No doubt, there will be a civil suit, and Zimmerman will have to testify. The outcome may echo O.J. Simpson’s civil trial, in which he was forced to testify and was found guilty. (I was on the prosecution team in the Simpson criminal case.) Today the NAACP wrote a letter to Attorney General Eric Holder requesting that the government prosecute Zimmerman under the Civil Rights Act. So truth and justice might be found for Trayvon Martin—in several other courts of law.
Yet I still believe in the criminal-justice system, as I did after the Simpson verdict. The O.J. case polarized America, dividing us along hard racial lines. African-Americans felt justified supporting O.J. as a “payback” for all the profound injustices we have suffered at the hands of the criminal-justice system.

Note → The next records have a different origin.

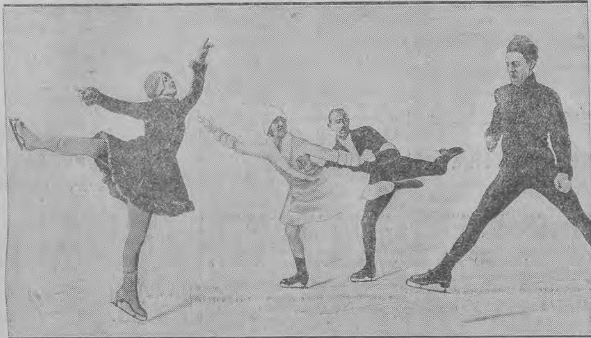
W damskiej jeździe artystycznej: Sonja Henie (Norwegia).
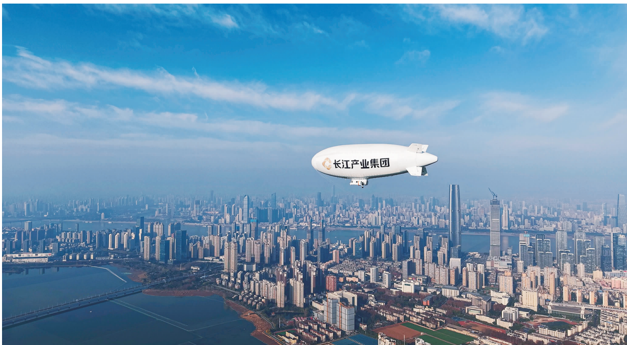
▲长江产业集团旗下的长江航特低空飞行器科技有限公司，积极布局低空经济新赛道，成为国内首家飞艇商业运营商。图为2026年1月9日，长江航特AS700飞艇在武汉完成全国首次载人飞艇商业飞行展示。
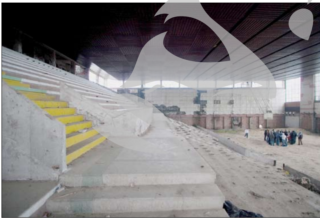
Sala Sporturilor rămâne în paragină
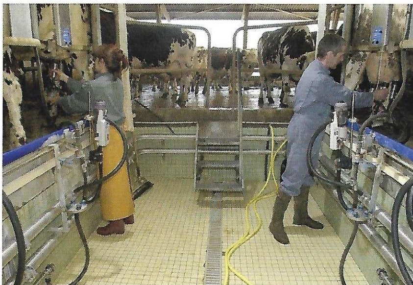
1 Une exploitation laitière en Basse-Normandie (Manche), 2014

Question clé Comment la mondialisation fait-elle évoluer les espaces de production laitière du Grand Ouest ?
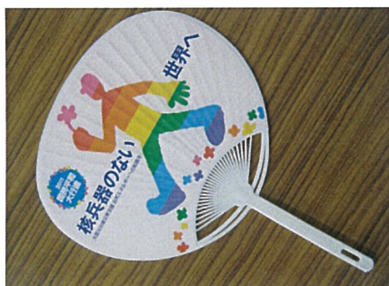
平和行進うちわ 1本150円

But O.J. Simpson was the wrong poster child for that righteous campaign. He was no hero, framed by the police. He was a cold-blooded killer, guilty of a gruesome double murder.
The election of Barack Obama pulled us up from the bleak hole created by the Simpson trial and unified many black and white people to believe and hope again—together. I do not see the same divide with the Zimmerman verdict. But the details of the case illustrate a real divide in racial experience. Would Zimmerman have followed a white teenager? Would he have thought that boy suspicious or a threat?

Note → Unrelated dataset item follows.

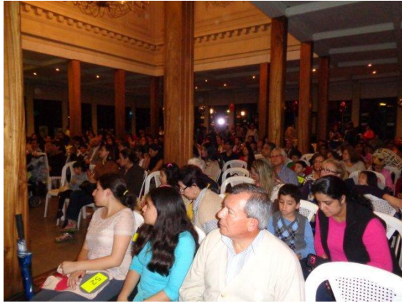
Fotografías: cuadros de pintura elaborados por niños y público asistente a la subasta – octubre 2015

Our national collective expectation of equal justice is based on our feeling of morality—not legality. We want the morality of a situation to match the criminality. That is often not the result in our court system. Trayvon Martin had the right to be afraid, the right to fight a stranger who was armed and prepared to use deadly force against him. Trayvon Martin had a right to stand his ground. That is our moral position. Racial disparity in killings that are found justifiable demonstrates that black life is not as valued as white life in this country. That is our reality.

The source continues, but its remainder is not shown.